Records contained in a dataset
=== Begin Enclosure ===

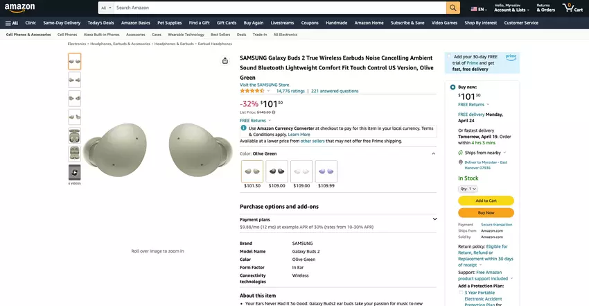 Samsung Galaxy Buds 2 met ANC en tot 29 uur autonomie te koop bij Amazon voor $101 ($48 korting)
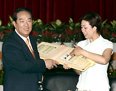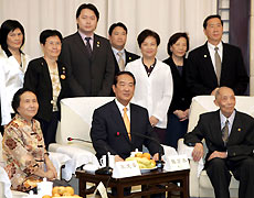 | Soong (L.) meets Wang Daohan, president of the mainland-based Association for Relations Across the Taiwan Straits in Shanghai on May 8. |
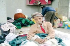 ويتألف مخيمها الذي يحيط به حاجز تفتيش للشرطة من مجموعة فرش عتيقة، أكوام من البطانيات، وعشرات العلب المصنوعة من الكرتون، وأكياس بلاستيكية وقناني مياه فاسدة.
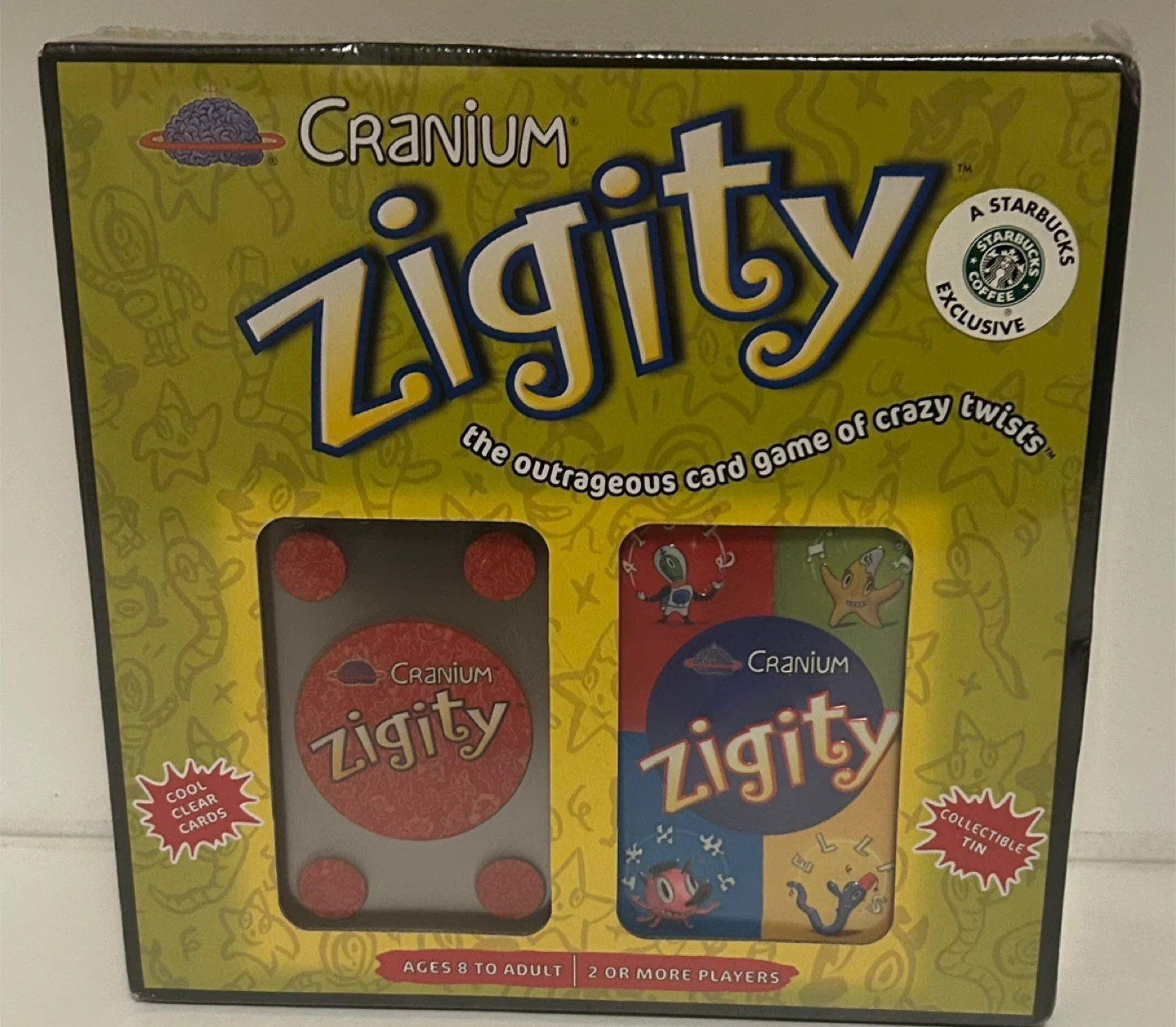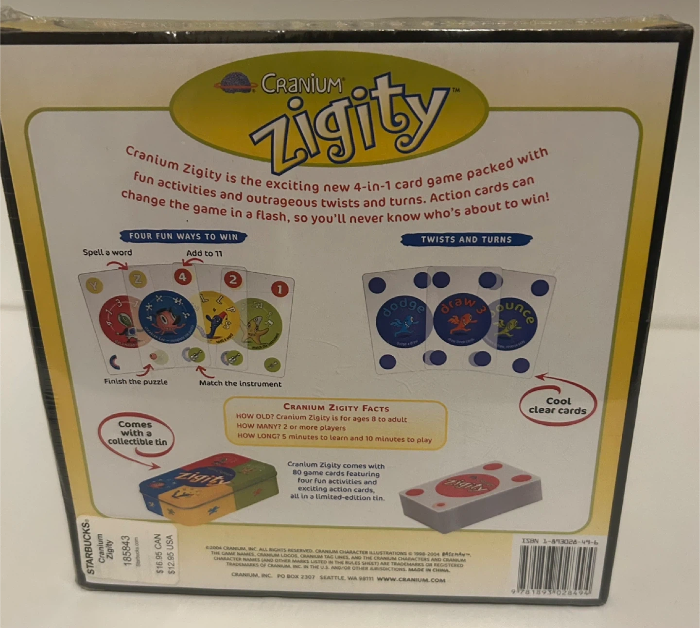 Selling a Cranium Zigity card game, a Starbucks exclusive! It's a fun 4-in-1 card game packed with activities and outrageous twists. Action cards can change the game in a flash, so you'll never know who's about to win! Comes with cool clear cards and a collectible tin. For ages 8 to adult, and 2 or more players. Originally sold for $16.95 CAN at Starbucks
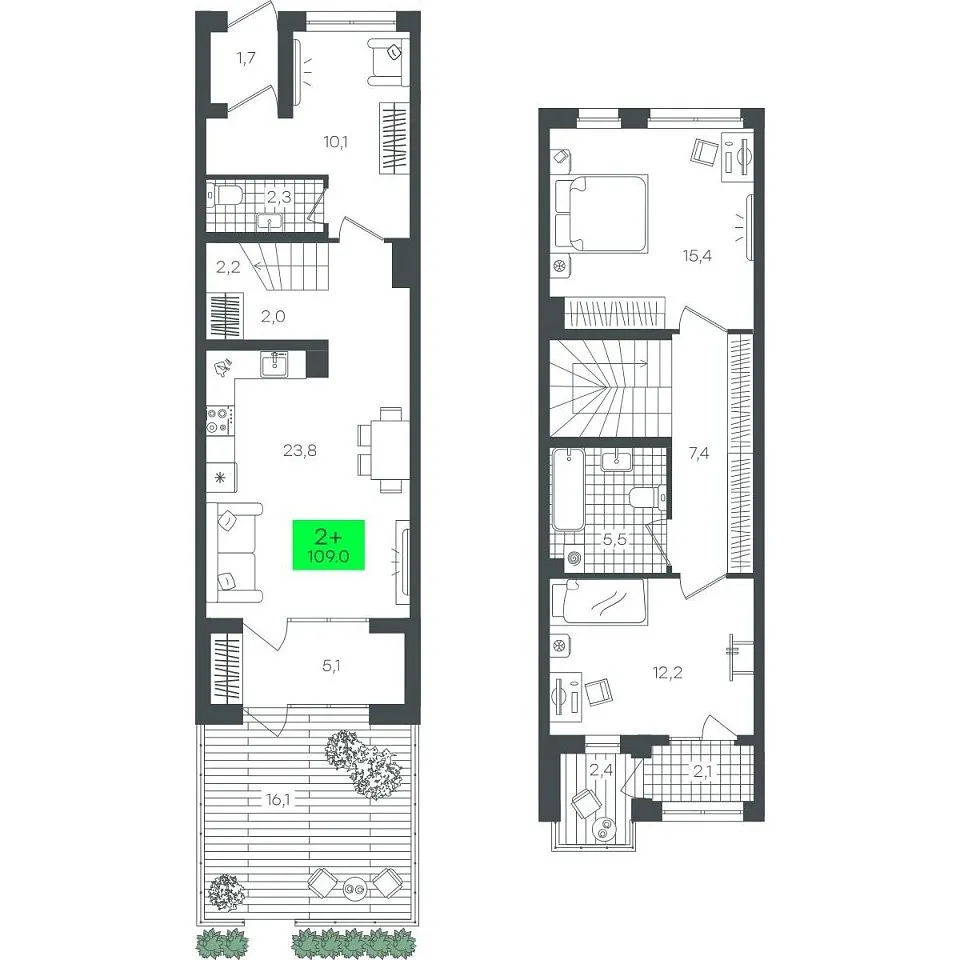 Количество комнат: 2, 109.09 кв.м.

=== End Enclosure ===

▸ **What is expected**
Return all the lines above exactly; none of the pictures should appear.

▸ **Solution for this task**
 Samsung Galaxy Buds 2 met ANC en tot 29 uur autonomie te koop bij Amazon voor $101 ($48 korting)
 | Soong (L.) meets Wang Daohan, president of the mainland-based Association for Relations Across the Taiwan Straits in Shanghai on May 8. |
 ويتألف مخيمها الذي يحيط به حاجز تفتيش للشرطة من مجموعة فرش عتيقة، أكوام من البطانيات، وعشرات العلب المصنوعة من الكرتون، وأكياس بلاستيكية وقناني مياه فاسدة.
 Selling a Cranium Zigity card game, a Starbucks exclusive! It's a fun 4-in-1 card game packed with activities and outrageous twists. Action cards can change the game in a flash, so you'll never know who's about to win! Comes with cool clear cards and a collectible tin. For ages 8 to adult, and 2 or more players. Originally sold for $16.95 CAN at Starbucks
 Количество комнат: 2, 109.09 кв.м.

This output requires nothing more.